## The problem:
All lines below between the line with "Dívčí ponožky od" and the line with "Women's Vintage Crossbody", including both, must be copied exactly, and the pictures must be omitted.

[Opening Material provided section]

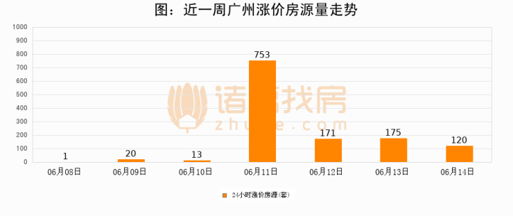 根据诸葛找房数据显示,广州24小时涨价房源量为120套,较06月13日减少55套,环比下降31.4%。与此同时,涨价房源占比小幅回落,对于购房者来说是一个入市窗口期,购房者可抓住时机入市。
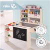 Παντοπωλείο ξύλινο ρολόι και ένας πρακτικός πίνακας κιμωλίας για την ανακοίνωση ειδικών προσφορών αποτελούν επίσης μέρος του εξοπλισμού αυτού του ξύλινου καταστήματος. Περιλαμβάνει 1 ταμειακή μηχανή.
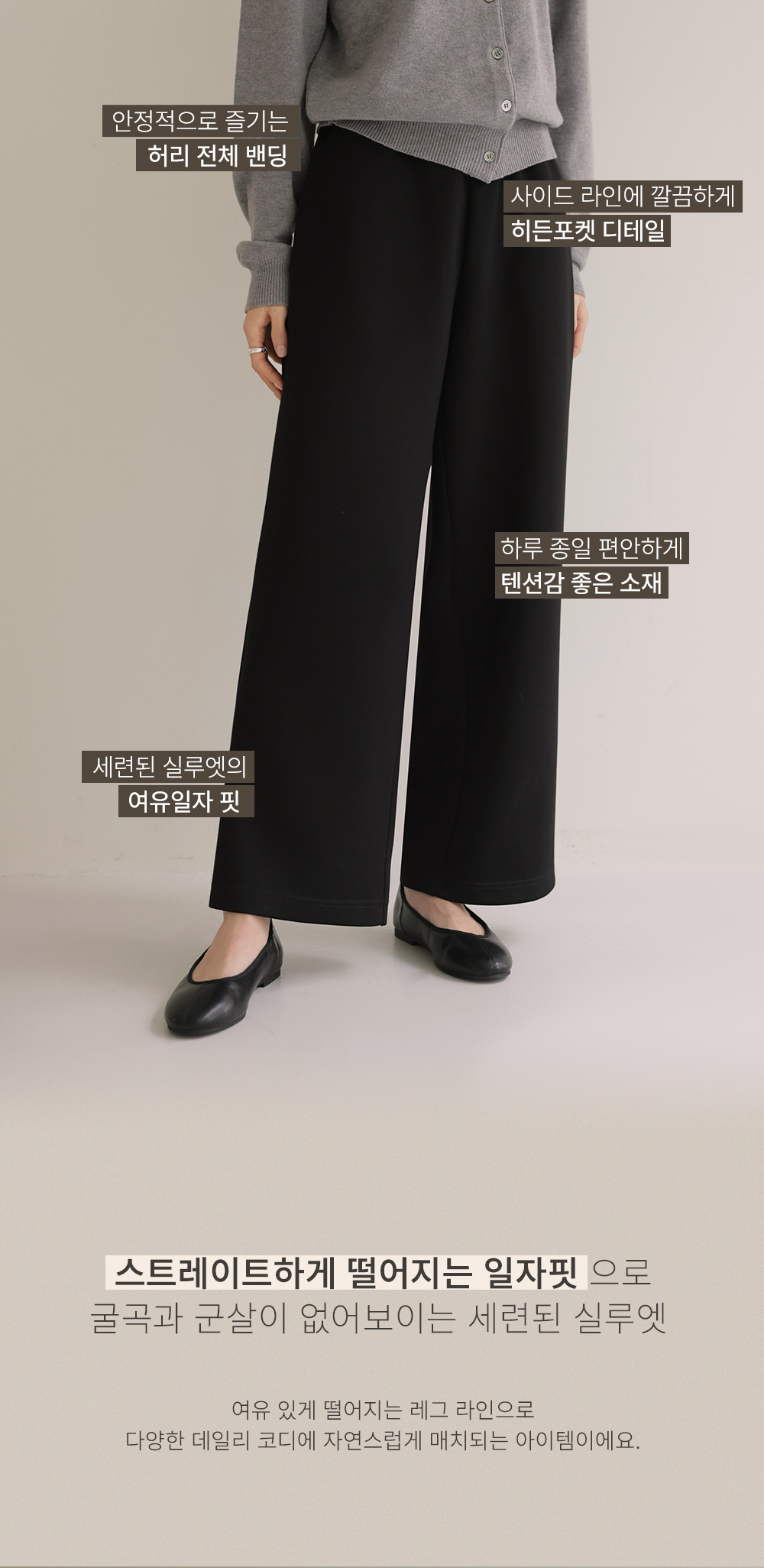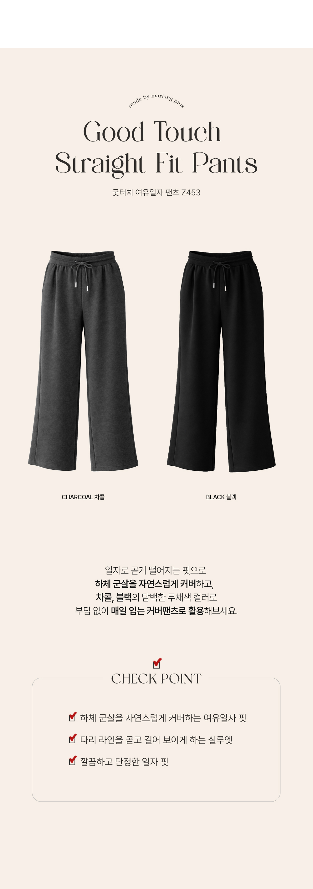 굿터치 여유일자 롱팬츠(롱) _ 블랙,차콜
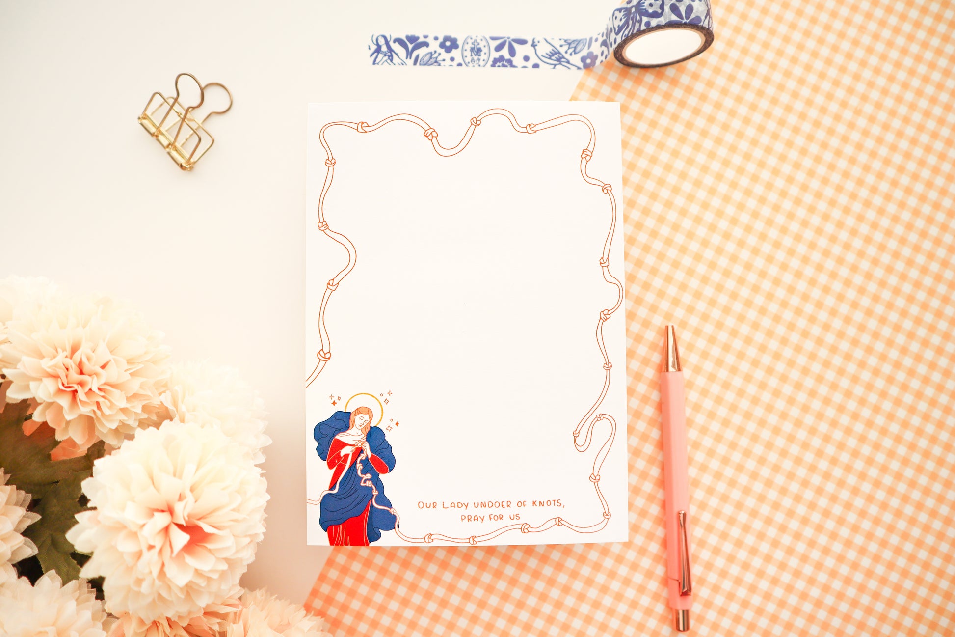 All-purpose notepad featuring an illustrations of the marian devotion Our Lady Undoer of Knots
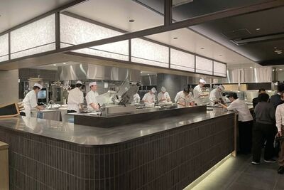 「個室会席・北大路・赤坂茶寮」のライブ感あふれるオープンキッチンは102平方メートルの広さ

[Closing Material provided section]
[Opening Material provided section]

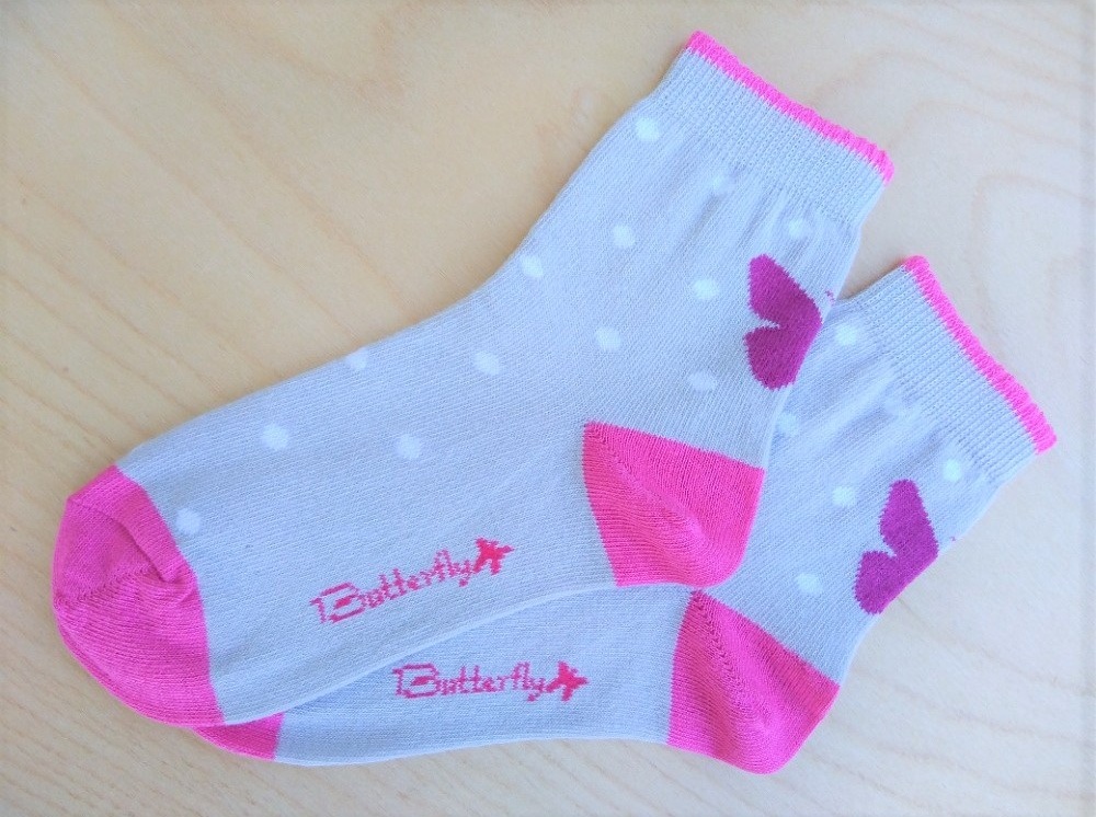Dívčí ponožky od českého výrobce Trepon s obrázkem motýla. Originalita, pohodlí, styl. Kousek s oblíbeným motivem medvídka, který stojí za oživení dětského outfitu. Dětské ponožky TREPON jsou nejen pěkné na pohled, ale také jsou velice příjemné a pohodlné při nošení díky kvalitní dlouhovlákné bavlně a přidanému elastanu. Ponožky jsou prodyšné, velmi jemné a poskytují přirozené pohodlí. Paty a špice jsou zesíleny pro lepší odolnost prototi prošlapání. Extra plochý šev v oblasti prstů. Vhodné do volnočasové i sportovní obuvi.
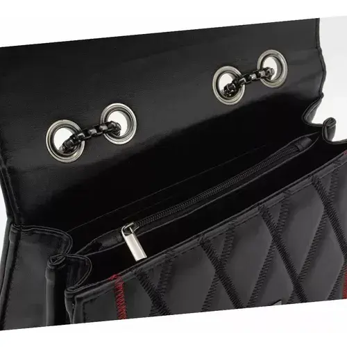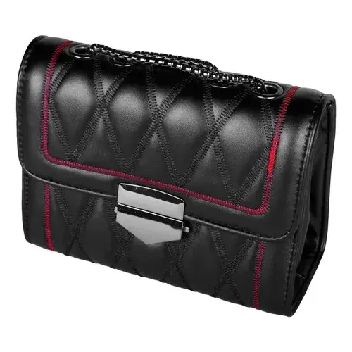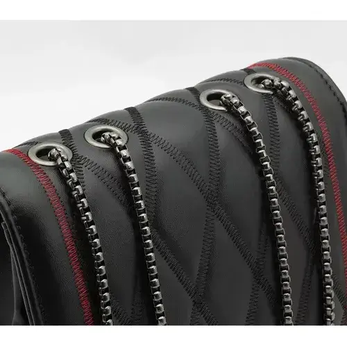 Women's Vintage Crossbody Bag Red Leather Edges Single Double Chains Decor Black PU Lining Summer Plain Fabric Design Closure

[Closing Material provided section]

## Task response:
Dívčí ponožky od českého výrobce Trepon s obrázkem motýla. Originalita, pohodlí, styl. Kousek s oblíbeným motivem medvídka, který stojí za oživení dětského outfitu. Dětské ponožky TREPON jsou nejen pěkné na pohled, ale také jsou velice příjemné a pohodlné při nošení díky kvalitní dlouhovlákné bavlně a přidanému elastanu. Ponožky jsou prodyšné, velmi jemné a poskytují přirozené pohodlí. Paty a špice jsou zesíleny pro lepší odolnost prototi prošlapání. Extra plochý šev v oblasti prstů. Vhodné do volnočasové i sportovní obuvi.
 Women's Vintage Crossbody Bag Red Leather Edges Single Double Chains Decor Black PU Lining Summer Plain Fabric Design Closure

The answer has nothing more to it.